UPDATED: Coroner says St. Mary's COVID death toll is at 28 for August

On Friday, St. Mary Parish Coroner Dr. Eric Melancon said 28 parish residents have died from COVID-19 in August, four more than appeared in the daily report from the Louisiana Office of Public Health.

The fatality numbers from Melancon, who has often reported local COVID fatalities before they made their way into the state database, mean 175 St Mary people have died from COVID-19 since the pandemic began. Thirty-two St. Mary people died from COVID-related causes in 2021's first seven months.

"Please beg people to put their politics, computer chips, FDA approvals aside and protect themselves," Melancon said in a text message.

One of the people who died received a first vaccine dose the day before showing symptoms, Melancon said. Another person who died was fully vaccinated but had a medical history including kidney failure, diabetes and hypertension.

"This Delta variant is NO JOKE and people need to quit making excuses or risk DEATH!" Melancon wrote.

St. Mary's vaccination rate is now listed by OPH at 32.4%, up about 3 points this month.

The OPH reported 80 new COVID cases in St. Mary in the 24 hours ending at midday Friday.

The 80 cases raise St. Mary's pandemic total to 7,498.

Statewide, COVID hospitalizations were down 14 since Thursday and now total 2,999.

The OPH reported 5,922 new Louisiana cases and 67 deaths Friday.

At a press conference Friday, Gov. John Bel Edwards warned again about the growing incidence of COVID infections among young people.

About 28% of new COVID infections are now among people under 17, he said. Between Aug. 9 and Aug. 15, when many Louisiana schools were opening, 2,444 new COVID cases were reported among students and staff members, Edwards said.

The governor defended his public health proclamation's mask mandate for students and employees at schools after anti-mask protests broke up a legislative hearing and a Board of Elementary and Secondary Education meeting this week.

"Simply put, we cannot keep schools open and our kids safe without masks," Edwards said.

Masks not only protect children, but they're also important in light of evidence indicating infected youngsters often infect others, he said.

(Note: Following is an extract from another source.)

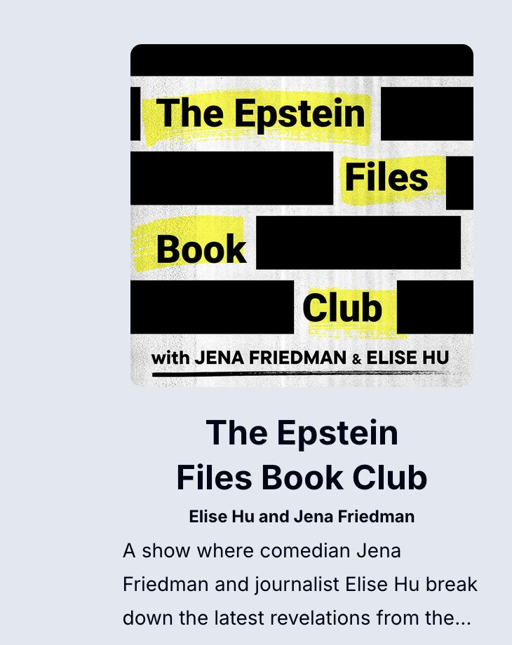 Here’s a bit about the Epstein Files Book Club: “The Epstein Files Book Club is a show where comedian Jena Friedman and journalist Elise Hu break down the latest revelations from the trove of documents released about convicted sex offender Jeffrey Epstein and his sprawling network of powerful people to try to understand whatβs real, whatβs not and what we can do about it.”
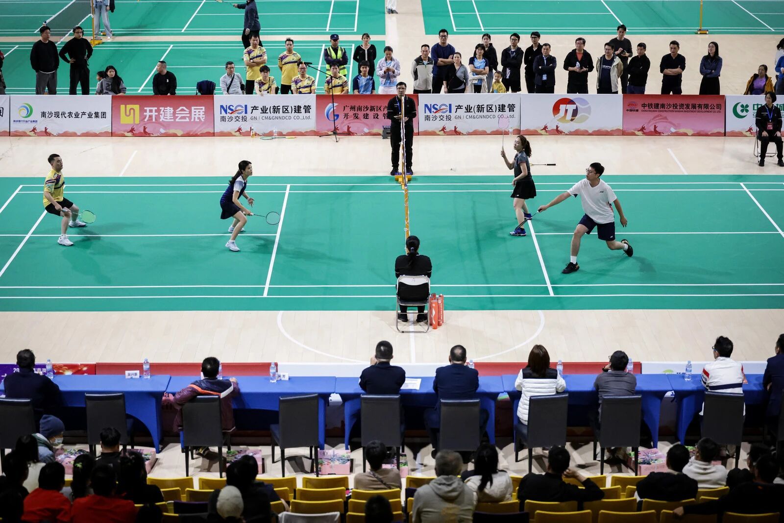 经过两天的激烈角逐,“园区贺岁杯”2026年南沙区羽毛球混合团体邀请赛于1月25日在南沙体育馆落下帷幕。自1月24日开赛以来,48支球队展开多轮交锋。1月25日,8支队伍进入淘汰赛阶段的争夺。最终南沙开建集团夺得冠军,互太纺织队、南沙资产经营集团分获亚军、季军。

"It would be an absolute recipe for disaster to take kids from all across Louisiana and put them together, indoors, for approximately seven hours a day, unmasked, in classrooms, and then send them home at the end of the day," Edwards said.

The positivity rate on COVID tests among children under 4 is 17.5%, said Public Health Officer Dr. Joseph Kanter at the press conference. For young people 5-17, the rate is 28%.

The number of patients in hospitals for COVID treatment was a 2,999 Friday, down for the second straight day after 16 consecutive record-breaking days.

"It's nice to see that dip just a little bit," Kanter said. "It's still a very high number. It's causing tremendous problems for hospitals."

The state positivity rate was down slightly Friday to 15.5% from 16.1%, and the incidence rate -- the average daily new case count for a week adjusted for the size of of the population is down to 109 per 100,000 people. Both statistics remain at levels the Centers for Disease Controls characterize as indicating the "highest risk" of COVID infection.